On Jan. 4, 2017, a number of amended regulations were published under a “Notice of Adoption” in the New York State Register. These amendments are effective now. The amended regulations can be found in title 19 of the NYCRR and were agreed to by NYSAR, REBNY and the Department of State (DOS), and approved by the New York State Board of Real Estate. Many of the regulations were outdated as they were first approved sometime in the 1970s. These amended regulations take into account changes in the industry, prior DOS decisions interpreting the regulations as well as general housekeeping. Below, please find the amended text and a brief explanation as to the effect of the amendment.

19 NYCRR §175.1

The original regulation called for the deposit of consumer funds as “promptly as practicable.” Subsequently, the DOS issued a decision (DOS v. Baramonde) where “as promptly as practicable” was interpreted to be the next business day. This was problematic for many brokerages. Under the amended regulations, deposits may be made up to three business days following the receipt of the funds. Brokers must be sure the funds are safeguarded in the event they are not deposited immediately. It shall be the broker that decides what qualifies as "safeguarding." For more information, read “DOS clarifies exception to escrow deposit regulation and decision” in the September/October 2016 issue of New York State REALTOR Magazine.
A real estate broker shall not commingle the money or other property of his principal with his own and shall at all times maintain a separate, special bank account to be used exclusively for the deposit of said monies and which deposit shall be made within three business days. Until such time as the money is deposited into a separate, special bank account, it shall be safeguarded in a secure location so as to prevent loss or misappropriation. (Per Anthony Gatto - There may be some questions as to the “safeguarding” of escrow funds (19 NYCRR 175.1) and there has been no guidance provided by DOS as to what qualifies as “safeguarding”.  At the very least, best practices would require the escrow monies (including checks) to be placed under lock and key (or combination, biometric scanner etc…).  Merely clipping or stapling the monies to the inside of the folder would not qualify unless the folder is then placed under “lock and key”.  For now, this is the best advice we can provide.) Said monies shall not be placed in any depository, fund or investment other than a federally insured bank account.
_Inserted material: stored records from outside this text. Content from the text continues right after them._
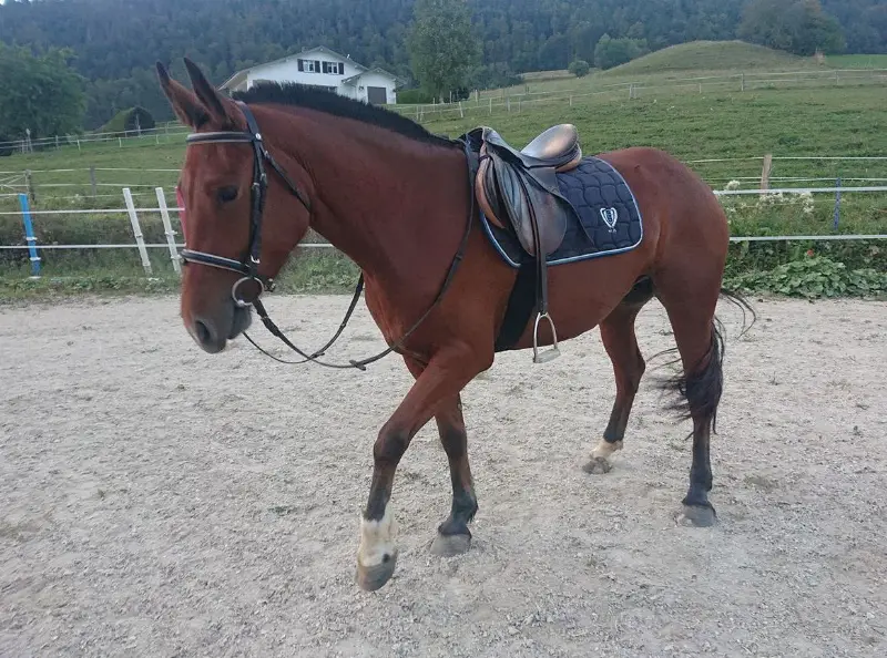 Sattel. Die Stute hat letztes Jahr den Feldtest absolviert und möchte weiter gefördert werden. Die Freiberger Stute ist Gruppenhaltung gewohnt und nicht dominant.
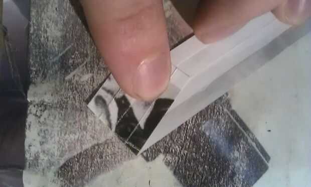 Debe haber 3 pliegues que se intersecan en el 1 punto; la línea media, su pliegue horisontal a 2.5 cm y su pliegue oblicuo que usted acaba de hacer ahora.
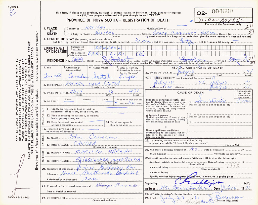 PROVINCE OF NOVA SCOTIA — REGISTRATION OF DEATH
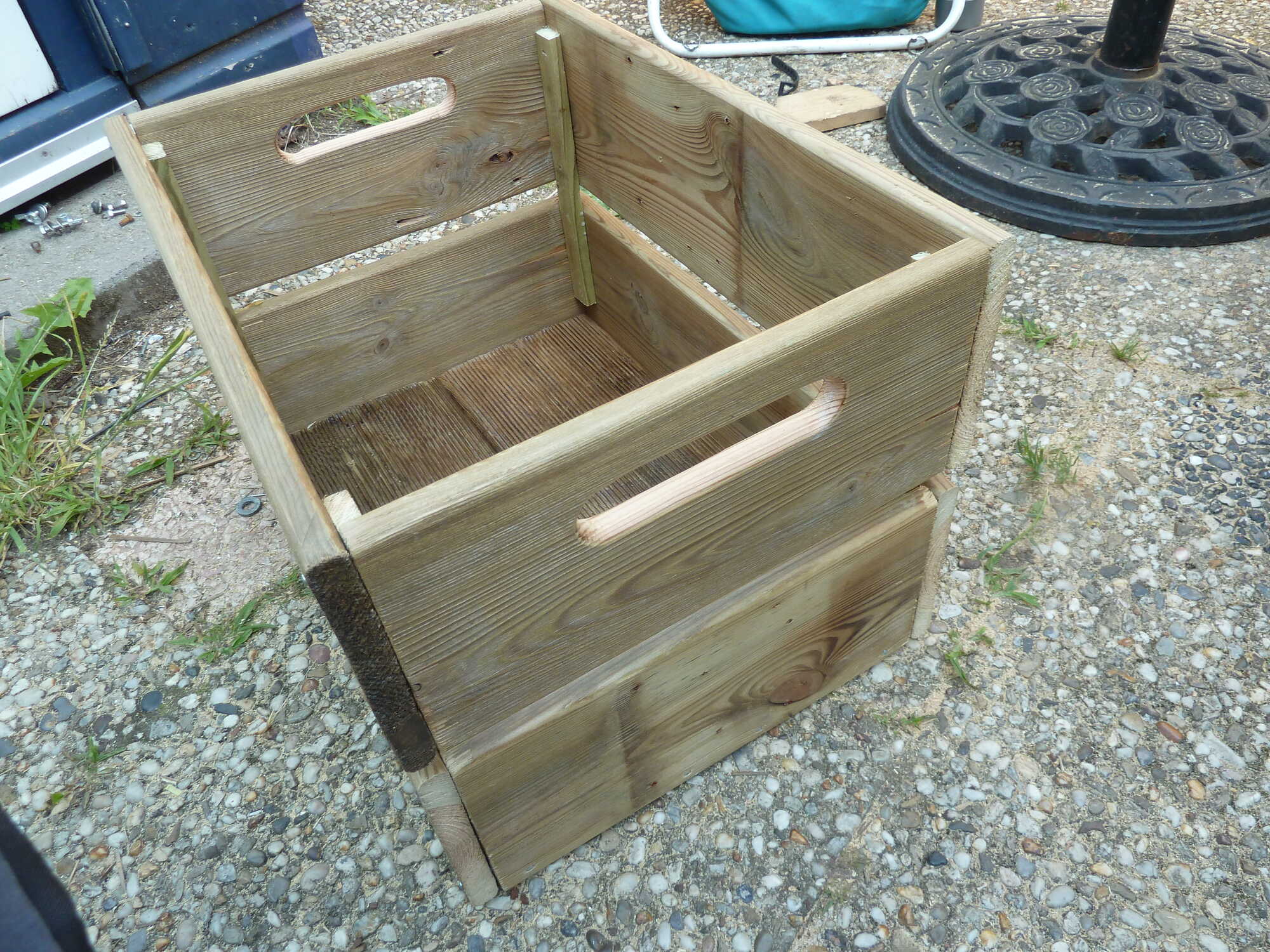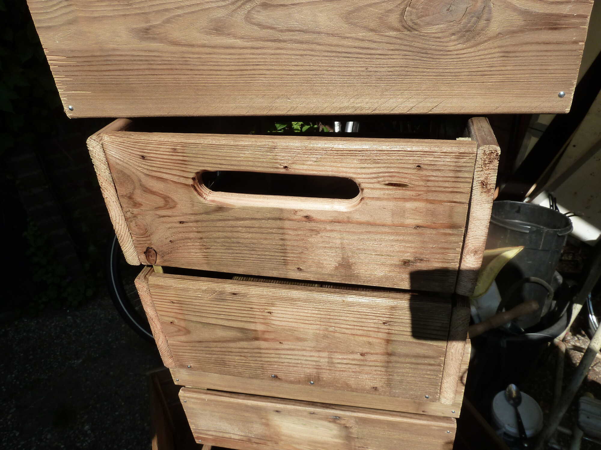 omdat ik wat hout in m,n garage had wat in de weg lag heb ik de afgelopen dagen wat houten kratjes voor op het rek van een transportfiets in elkaar geknutseld.
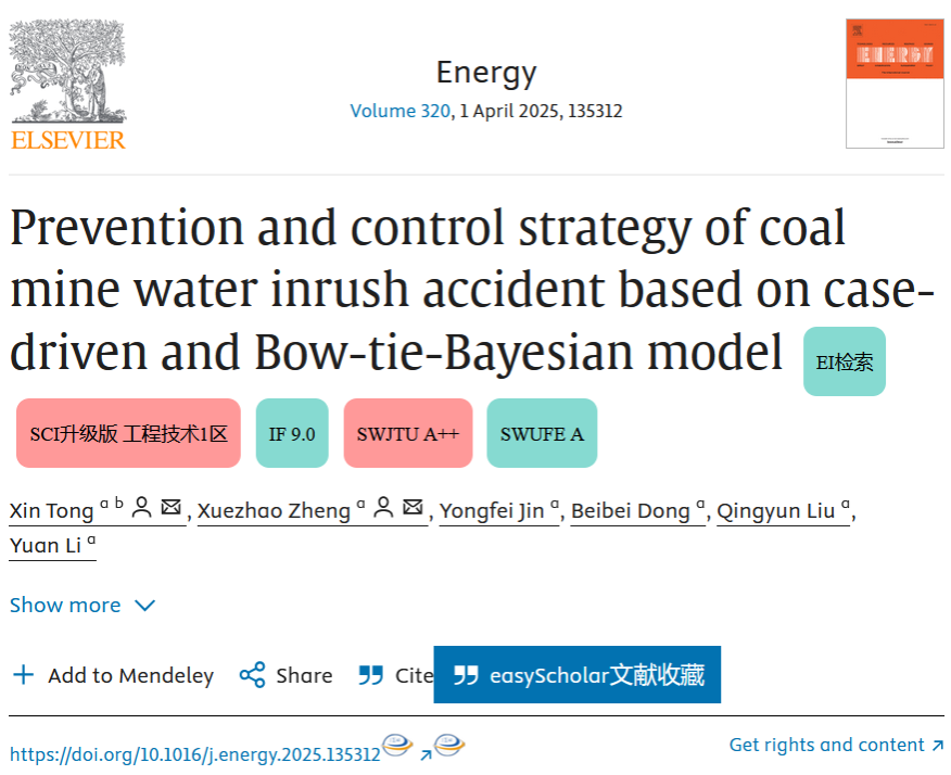 近日,太阳集团tyc5997青年教师童鑫与其合作者正式在国际能源科学权威期刊《Energy》上发表了题为“Prevention and control strategy of coal mine water inrush accident based on case-driven and Bow-tie-Bayesian model”的研究论文,童鑫为该论文的第一作者兼通讯作者。
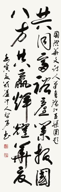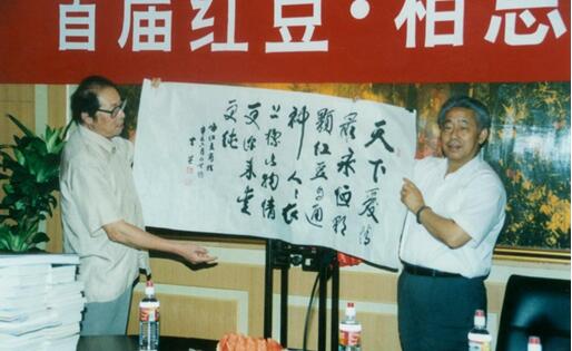 在《七夕,紅豆最相思的詩意探訪》論壇主題引導(dǎo)下,詩人們暢談紅豆愛情詩的淵源,以及對中國新詩的助推、發(fā)展的歷史作用,使中華文化傳統(tǒng)薪火相傳,在我們這一代詩人手里發(fā)揚(yáng)光大,繪出獨(dú)特的、現(xiàn)代人審美的愛情詩篇。會上,北京電視臺節(jié)目主持人、詩人黃殿琴朗誦了張?jiān)妱Α⒐鹋d華、綠島寫的紅豆愛情詩歌,并展示了多位詩人等為紅豆集團(tuán)寫的多幅書法,表達(dá)了友誼深情?!肮餐辉.a(chǎn)業(yè)報(bào)國 八方共贏輝煌華夏”是詩人黎勇先生寫給紅豆集團(tuán)的書法 ,國際華文詩人筆會主席張?jiān)妱懡o紅豆集團(tuán)書法為“紅豆最相思”等。
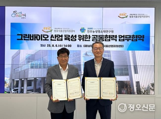 정오신문 관리자 기자 | (재)남해안권발효식품산업지원센터는 지난 6일 센터 회의실에서 순천시가 중점적으로 키우고 있는 그린바이오 산업과 발효식품 산업의 활성화를 위해 (재)전주농생명소재연구원과 업무협약을 체결했다고 밝혔다.

Accrued interest, if any, shall not be retained by, or for the benefit of, the broker except to the extent that it is applied to, and deducted from, earned commission, with the consent of all parties.

19 NYCRR §175.7

The original regulation required the knowledge and consent of all parties to the transaction if a broker was to be compensated by more than one party. The regulation was amended and only required such disclosure to the broker’s client. This requirement coincides with an agent’s fiduciary obligations to make full disclosure to their client. No such obligation exists for other parties in the transaction and as such, those requirements were removed.
“A real estate broker shall make it clear for which party he is acting and he shall not receive compensation from more than one party except with the full knowledge and consent of the broker’s client.”

19 NYCRR §175.25(d)

When the advertising regulations were first approved in 2013, "license type" was inadvertently omitted as a requirement for business cards when it was the intent of all interested parties to have such information included. This amendment merely adds "license type" as a requirement on business cards.
“(2) Notwithstanding subdivision (c) of this section, business cards must contain the business address of the licensee, license type, and the name of the real estate broker or real estate brokerage with whom the associate real estate broker or real estate salesperson is associated. All business cards must also contain the office telephone number for the associate real estate broker, real estate salesperson or team.”

19 NYCRR §176.3(a)

The hours required for “Property Insurance” for the initial real estate salesperson course was reduced from two hours to one hour, and the new topic of “Licensee Safety” was added to the curriculum in place of the one hour that was removed.
Subject Matter: Hours:
Property Insurance...........................1
License Safety.................................1

19 NYCRR §177.3(g)

Prior to this amendment, all continuing education courses had to be a minimum of three hours. Under the amended regulation, continuing education courses can be one hour in length.
“a detailed outline of the subject matter of each course or seminar containing at least 22½ hours of instruction, or of each course module containing at least one hour of instruction, together with the time sequence of each segment thereof, the faculty for each segment, and teaching techniques used in each segment;”

19 NYCRR §177.7

Prior to the amended regulation, continuing education courses had a different definition of "one hour" than real estate broker and salespersons courses. Now, all courses compute one hour as 50 minutes of instruction time and 10 minutes of a built-in break. Schools are prohibited from using the 10-minute break(s) to shorten the end time of the course. In other words, a three-hour course has 30 minutes of built-in breaks. The school is prohibited from having the break time at the end of the course thereby permitting attendees to leave prior to the conclusion of the three hours.
“To meet the minimum statutory requirement, attendance shall be computed on the basis of an hour equaling 50 minutes.”